# ADC in Digital Temperature Sensor DS18B20

According to the datasheet of DS18B20 temperature sensor, it is clear that the sensor is digital so the output is in digital form.

The resolution of the temperature sensor is 9, 10, 11, or 12 bits, corresponding to increments of 0.5°C, 0.25°C, 0.125°C, and 0.0625°C, respectively, and by default it is 12-bits. Which means, for 12-bits, a change of 0.0625°C in temperature causes an increment of 1-bit.

But there is no information given on how much change in voltage will result from a change in Temperature (i.e. scale factor). For example, there is an analog temperature sensor in which a change of 10mV in the output voltage is equal to a change of 1°C of temperature.

Is there any way to calculate the scale factor of the digital temperature sensor like the way we do for analog?

• I'm not sure what are interested in the analog voltage that corresponds to this change, you don't have access to it anyway, you can only read the sensor digitally. Commented Dec 24, 2013 at 11:11
• the sensor performs conversion from A-to-D itself, when master issues Convert T [44h] command, I'd want to know the scale factor at which the conversion is perform. there must be some scale factor. Commented Dec 24, 2013 at 11:13
• @alexan_e I'm wondering if the OP means the change in supply voltage to the device? The scale Factor is hard-defined - the bytes read directly related to temperature. Commented Dec 24, 2013 at 11:13

All you really need to know is contained here: -

Internally the device may have a sensor that produces 10uA per degree or 10mV per degree or it may be like a thermistor or RTD and vary its resistance to indictate temperature. This is Maxim IP and we are not allowed to know what method they use unless they tell us. If it's not in the data sheet then we cannot know - but you could assume it is one of the four methods I've mentioned and give details in your presentation of all ideas.

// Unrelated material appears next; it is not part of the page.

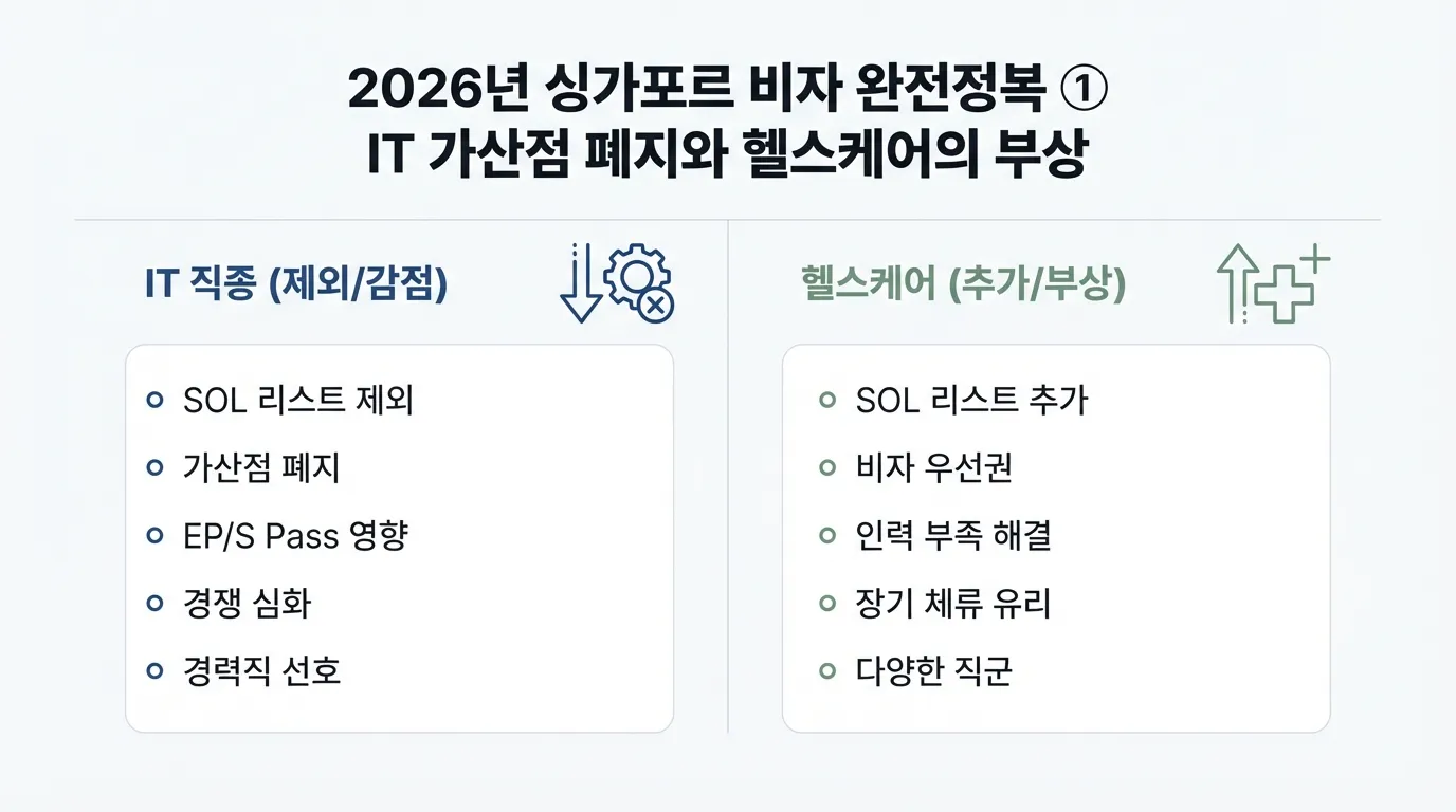 최근 싱가포르 노동부(MOM)에서 2026년부터 적용될 새로운 부족직종(SOL) 리스트를 발표했습니다. 이번 발표의 핵심은 그동안 '치트키'처럼 통했던 IT 직종의 가산점이 대거 사라지고, 대신 헬스케어 분야가 그 자리를 채웠다는 점이에요. 우리 가족의 싱가포르 생활을 좌우할 비자 정보, 지금부터 꼼꼼하게 짚어드릴게요.

If you want to know the types of constant voltage or current sensors that could be used try looking up the AD590 (constant current at 10uA per degC) or the TMP36 (10mV per degC). I'm not aware of a particular name that describes the technology.

• I have already gone through this and have performed manual calculation to calculate the above data, for example, if the room temperature is 22C then, 22C/0.0625C = 352D = 0000 0001 0110 0000b = 0160H (if resolution is 12-bit). what i really need to know is the scale factor in terms of voltage. Commented Dec 24, 2013 at 11:33
• @Xufyan what voltage do you refer to? Internally the device may have a sensor that produces 10uA per degree or 10mV per degree or it may be like a thermistor or RTD and vary its resistance to indictate temperature. This is Maxim IP and we are not allowed to know what method they use unless they tell us. If it's not in the data sheet then we cannot know - but you could assume it is one of the four methods I've mentioned and give details in your presentation of all ideas. Commented Dec 24, 2013 at 11:36
• This is exactly the answer i was looking for, is there any particular name for such sensors that produces o/p in form of current/voltage ? Commented Dec 24, 2013 at 11:55
• and please add your above comment in the answer so i could mark it as correct. Commented Dec 24, 2013 at 11:56
• @Xufyan OK done!! Commented Dec 24, 2013 at 12:51

No, there is not. Either the datasheet will provide this information, or it will not.

But it is of no value to have this information regardless, since you cannot do anything with it.

• I have a presentation to be given on ADCs, and this sensor is in use, shouldn't there be some way of calculating the scale factor. because there is definitely something the sensor is doing to perform A-to-D conversion inside. Commented Dec 24, 2013 at 11:14
• Sure. But as the end-user, you don't need to care about it. Commented Dec 24, 2013 at 11:15

You can build a circuit that produces a current or voltage output in response to a temperature change by using temperature sensitive elements, like thermocouples, thermistors, Resistive temperature devices (RTDs), or the like. In fact, any semiconductor with a pn junction will serve. You would need to build an amplifier appropriate for your choice.

Your device has something like this inside, and skips the need for such extra design and processing.